*** DATA UNDER STUDY Section Begins ***
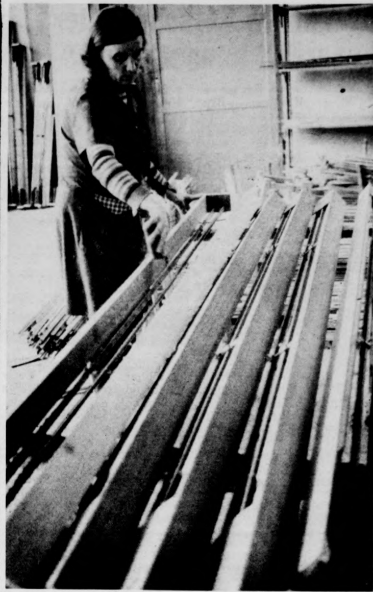
Keresett termék: a függönykarnis összeszerelése

Az eddigi 10 bár helyett 6 bar nyomáshoz konstruált termécsaládot kezd forgalmazni idén a Hungária Műanyag-feldolgozó Vállalat debreceni gyára. A kisebb települések közművezetékének nyomócsöveiként használatos újfajta pvc-csöveket — amiknek a piaci bevezetése az idő tájt kerül sorra — tavaly nyáron kezdték kifejleszteni és decemberben kezdték el gyártani. Szakmai vélemény szerint a 6 bar nyomásra történő tervezés és gyártás tökéletesen megfelel a hazai viszonyoknak, ugyanakkor a kész termékek így 30 százalékkal kevesebb anyagot tartalmaznak, mint a korábban készült, 10 baros csövek. A műszaki fejlesztési kísérlet eredményeként született 6 baros pvc-csövek a gyártó ígérete szerint olcsóbbak lesznek. Forgalmazásuk az év második felétől várható.
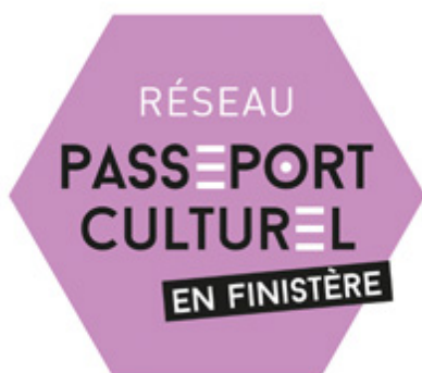
logo du réseau "passeport culturel en Finistère"
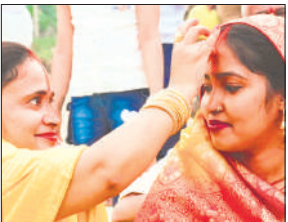
एक दूसरे को सिंदूर लगाती महिला।
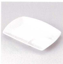
145-203-052 1,150円 白スタックパーティー皿 (18.3×13.9×2.8) 513810505
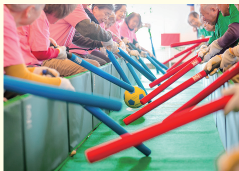
■365日愉しめるアクティビティやイベント
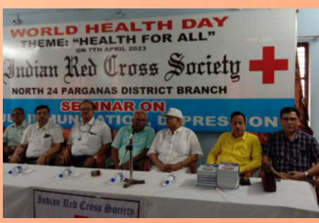
Celebration of World Health Day, North 24 Parganas, West Bengal
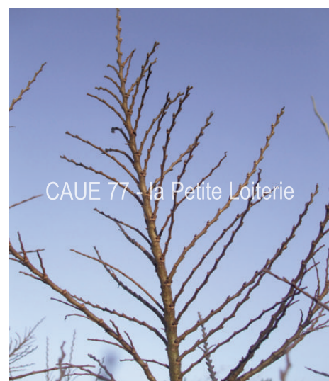
CAUE 77 - la Petite Loiterie
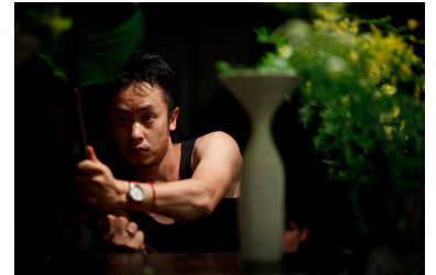
花いけバトル イメージ
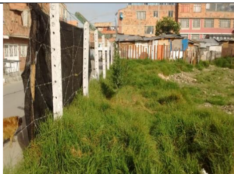
Foto 92: área invadida por pasto kikuyo sector sur del PEDH Fecha: 07/11/2018
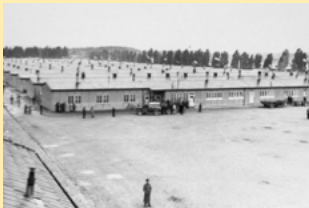
Dachaus baracker.

"En katolsk präst skickades till Dachau för att han gjort gällande att det fanns goda människor i England också. En annan för att han varnat en flicka för att gifta sig med en SS-man sedan hon avsvurit sig sin katolska tro. En tredje för att han hållit en begravning för en avliden kommunist ... "
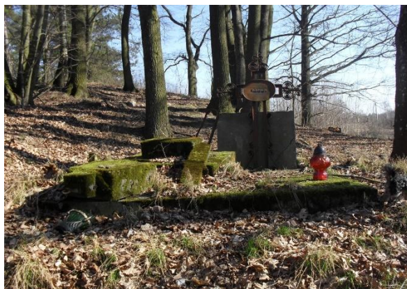
Rys. nr 4 Cmentarz Ewangelicki w Sąpach

Dziedzictwo Kulturowe Sąp stanowi krzyż i cmentarz Ewangelicki. Niegdyś na terenach parku znajdował się cmentarz właścicieli dworku, lecz groby zostały wykopane.
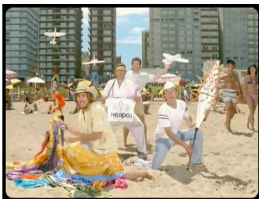
Figura 2: El tema del verano (CTI Móvil, 2006): un aviso creativo y una producción importante para vender la capacidad de reproducción de archivos mp3

muestra el primer spot que refiere a esta posibilidad es de 2006 y es, justamente, uno muy exitoso, El tema del verano (CTI Móvil): una secuencia de imágenes playeeras en clave paródica constituye la coreografía de un supuesto hit veraniego (cuyo estribillo repite monótonamente «que te clavo la sombrilla») hasta que un joven se «defiende» de la canción escuchando un ritmo de reggae en los auriculares de su teléfono, mientras el locutor cierra diciendo «El tema del verano es más peligroso que el sol. Protegete con tu CTI con mp3 y ponete tu música al verano». El equipo publicitado era un Nokia 5200, cuya característica promocional saliente era –justamente– su reproductor de música digital.
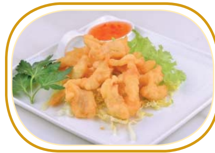
229. TEMPURA POLLO €6,00 (bocconcini di pollo impanati fritti)
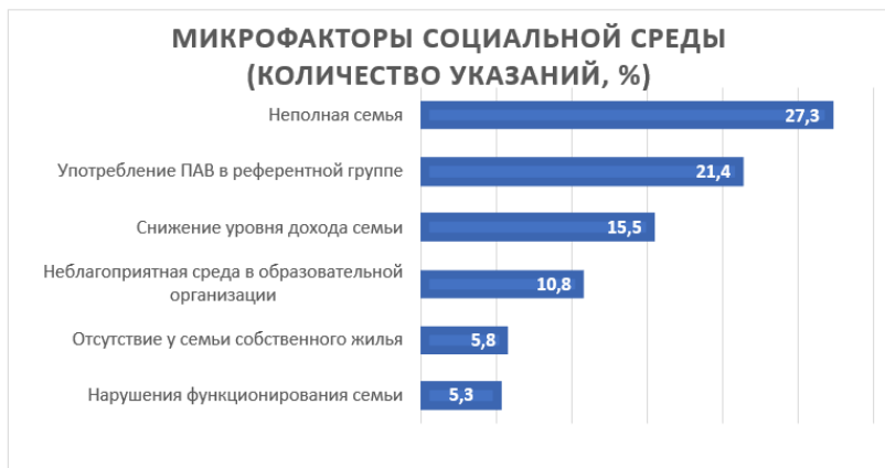
Рис. 7. Социальные микрофакторы риска негативной социализации (%)
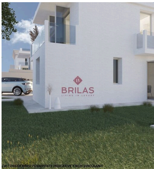
DA CONSIDERARSI PURAMENTE INDICATIVE E NON VINCOLANTI
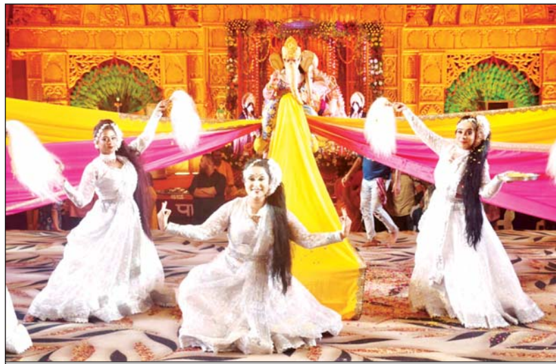
पूजा पंडाल में नृत्य नाटिका प्रस्तुत करते कलाकार
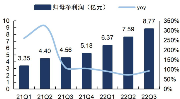
图3：璞泰来单季度归母净利润及增速（单位：亿元、%）
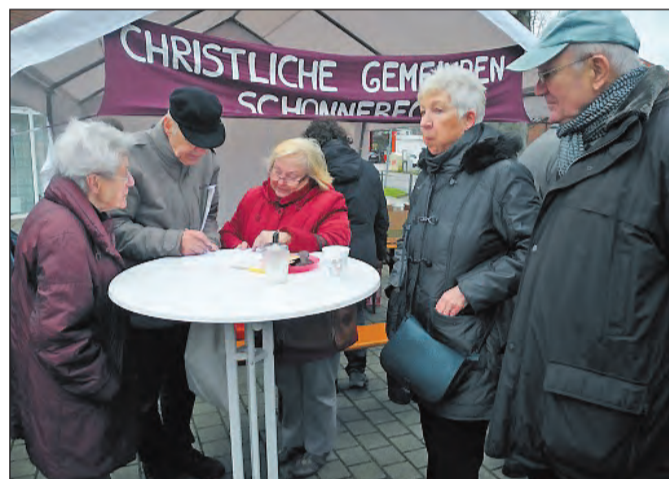
Rückblick auf die Weihnachtsaktion im vergangenen Jahr.

Schonnebeck. Wie in jedem Jahr treffen sich die Kirchengemeinden von Schonnebeck am letzten Samstag vor Weihnachten, also am 19. Dezember 2015, ab 10 Uhr auf dem Karl-Meyer-Platz. Eingestimmt von den weihnachtlichen Klängen des Posaunenchores und angeregt durch Kaffee und Glühwein wird die Frage „Warum feiern wir Weihnachten?“ den Besuchern gestellt. Wer sich auskennt, kann bei einem Rätsel mitmachen und mit etwas Glück eine kleinen Preis gewinnen. Auch wer sich beim Lösen des Rätsels nicht sicher ist, geht mit einem Weihnachtsgruß und der Weihnachtsgeschichte des Evangelisten Lukas nach Hause. Daheim kann man dann seine Weihnachtskenntnisse wieder auffrischen. Alle Bürgerinnen und Bürger sind zu der Weihnachtsaktion herzlich eingeladen. Die Initiatoren würden sich über eine rege Beteiligung sehr freuen.
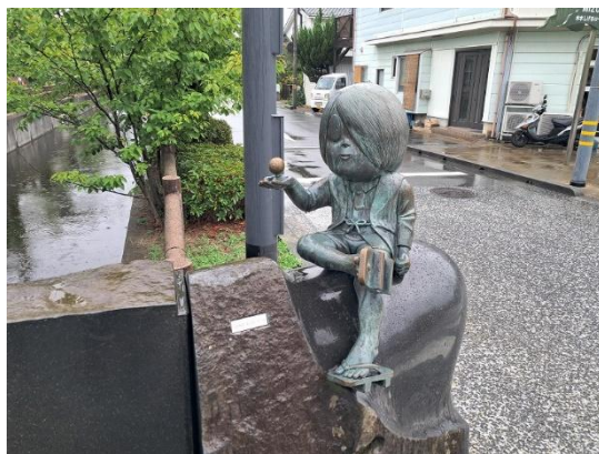
水木茂大道上的鬼太郎銅像
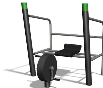
SF.1113 Sport Biker / Sport Bike

Alter / Age 14+ Trainingseffekt Kardio, Fitness, Kraft, Abnehmen, Senioren Effet de l'entraînement Cardio, rester en forme, force, perdre du poids, âgées
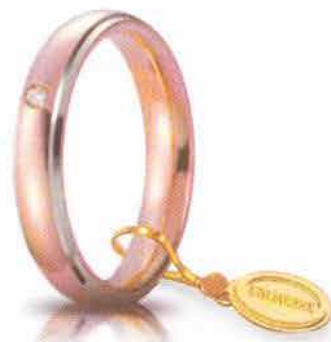
Comoda oro rosa bordi bianchi rodiati 4 mm ct. 0.03
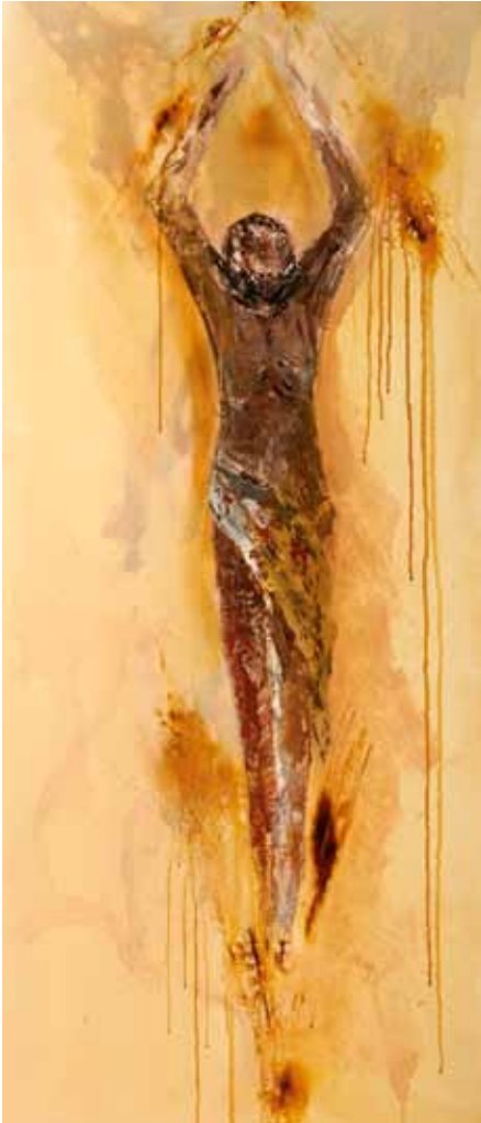
Herrgott mit Airbrushfarben und Sand.
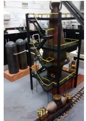
Maquete de um alto forno siderúrgico
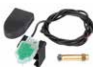
SAFEcoder encoder assoluto magnetico BUS (Brevetto FAAC)
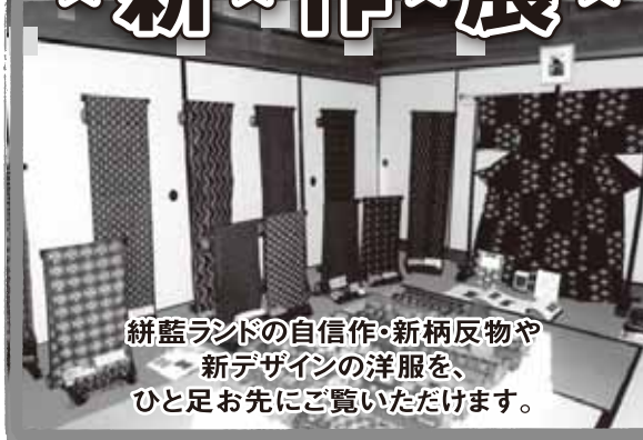
絣藍ランドの自信作・新柄反物や 新デザインの洋服を、 ひと足お先にご覧いただけます。
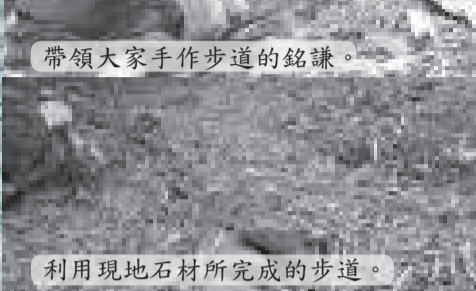
利用現地石材所完成的步道。
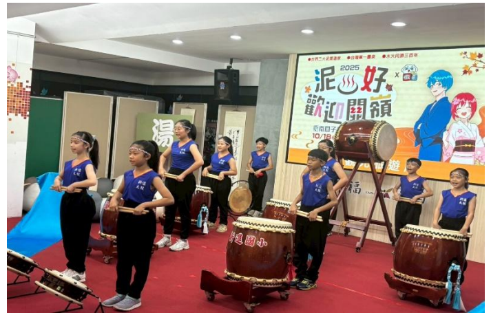
太鼓隊受邀關子嶺溫泉季記者會開場表演活動
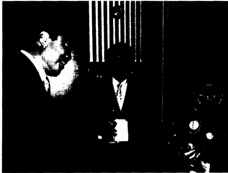
พลโท พงศ์เอก อภิรักษ์โยธิน สมาชิกวุฒิสภาและผู้แทนรัฐสภาไทย พูดคุยกับผู้แทนรัฐสภาสาธารณรัฐเกาหลี
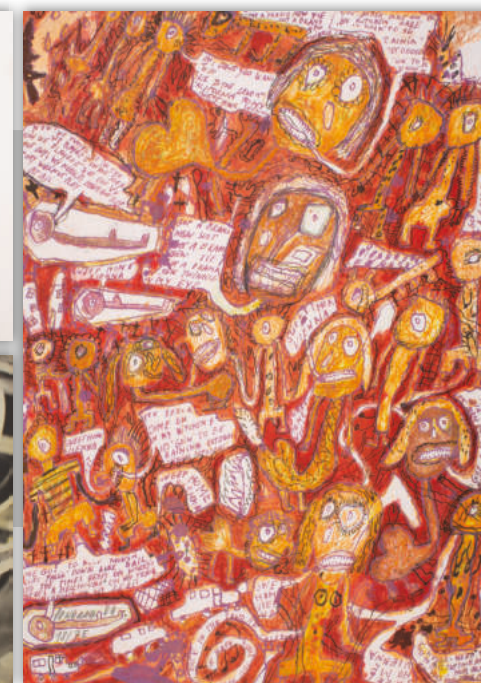
rechts: Pongratz, Peter: „Sweet Home Vienna“, Strichradierung, Vernis mou, Aquatinta, Zuckertusche, Schmirgelpapier, 75 Stück, 2004; € 540,-
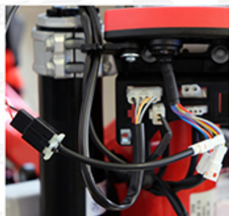
Adattatore contachilometri (facoltativo)/ Odometer adapter (optional)
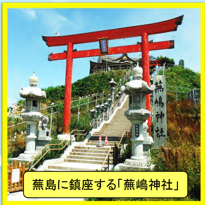
燕島に鎮座する「燕嶋神社」

燕島は、元々独立した島でしたが、1942年(昭和17年)旧海軍により埋立てられ陸続きとなりました。その後、ウミネコの繁殖地として1922年(大正11年)天然記念物に、更に2013年(平成25年)には三陸復興国立公園に指定されました。毎年3月頃から4月頃にかけてウミネコが燕島に飛来してきます。5月頃卵を産み、6月に孵化、7月にはヒナが巣立ち8月になると島を離れていきます。繁殖期にはおよそ4万羽ものウミネコがいるため、『ウミネコ爆弾』と呼ばれる『運』をもらう場合もありますので注意が必要です。もし、ウミネコ爆弾に当たってしまったら、拭き取る前に社務所まで行ってください。会運証明を発行してもらえます。
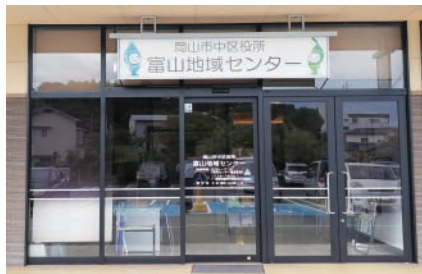
▲富山地域センター

間を平日の9時から19時(土日、祝日、振替休日及び年末年始を除く)に変更し、17時15分から19時までの平日時間外開庁を開始しました。
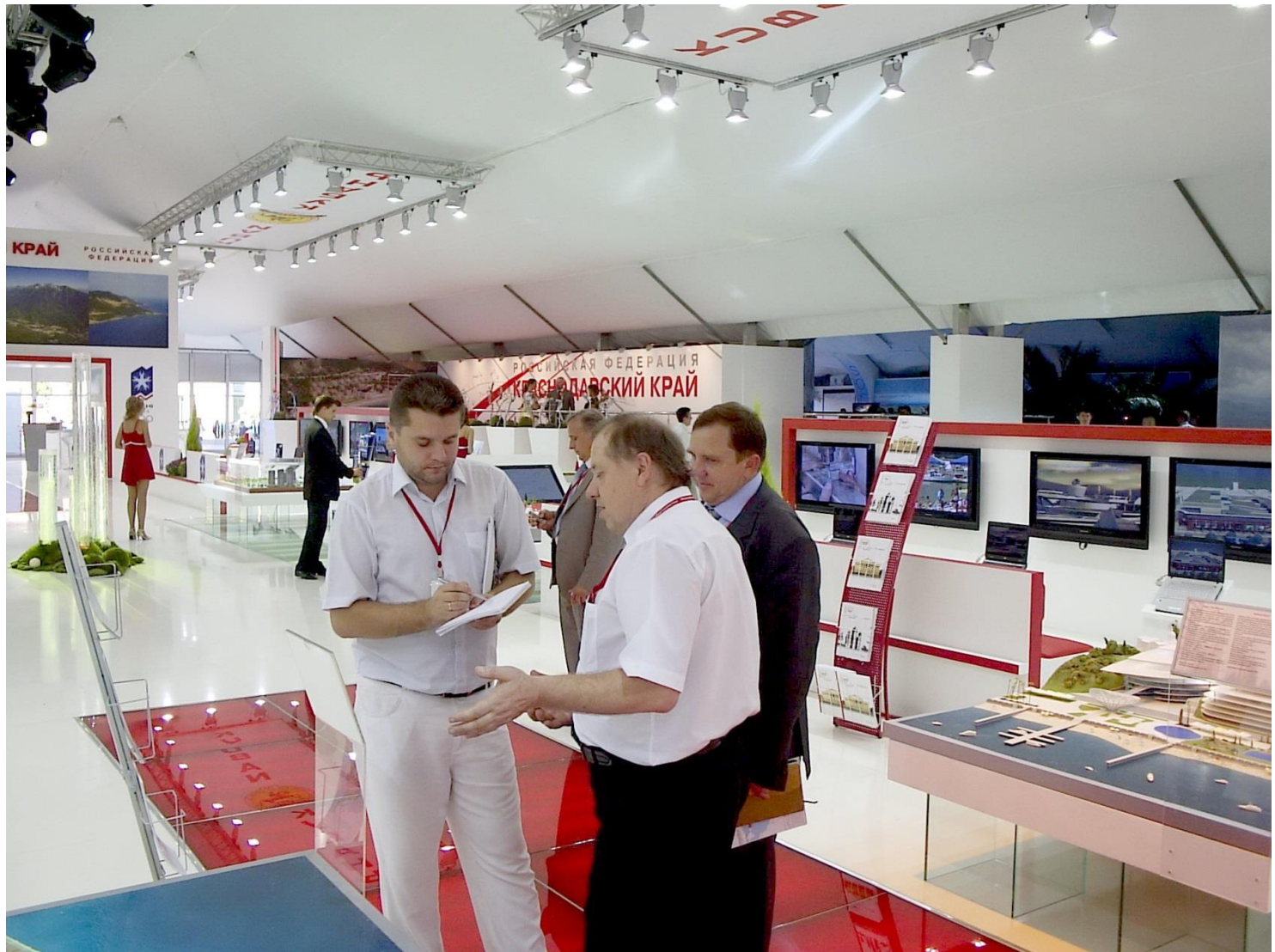
Командировка в г. Сочи на Сочинский международный экономический форум в 2007 г.
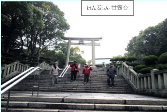
5 ほんぶしん 甘露台
*** DATA UNDER STUDY Section Ends ***
◆ WHAT YOU ARE ASKED TO DO ◆
Retype the lines above exactly as they appear, from the line containing "Adattatore contachilometri (facoltativo)/" through the line containing "燕島に鎮座する「燕嶋神社」", and leave out any pictures.

◆ RESULT OF THE TASK ◆
Adattatore contachilometri (facoltativo)/ Odometer adapter (optional)
燕島に鎮座する「燕嶋神社」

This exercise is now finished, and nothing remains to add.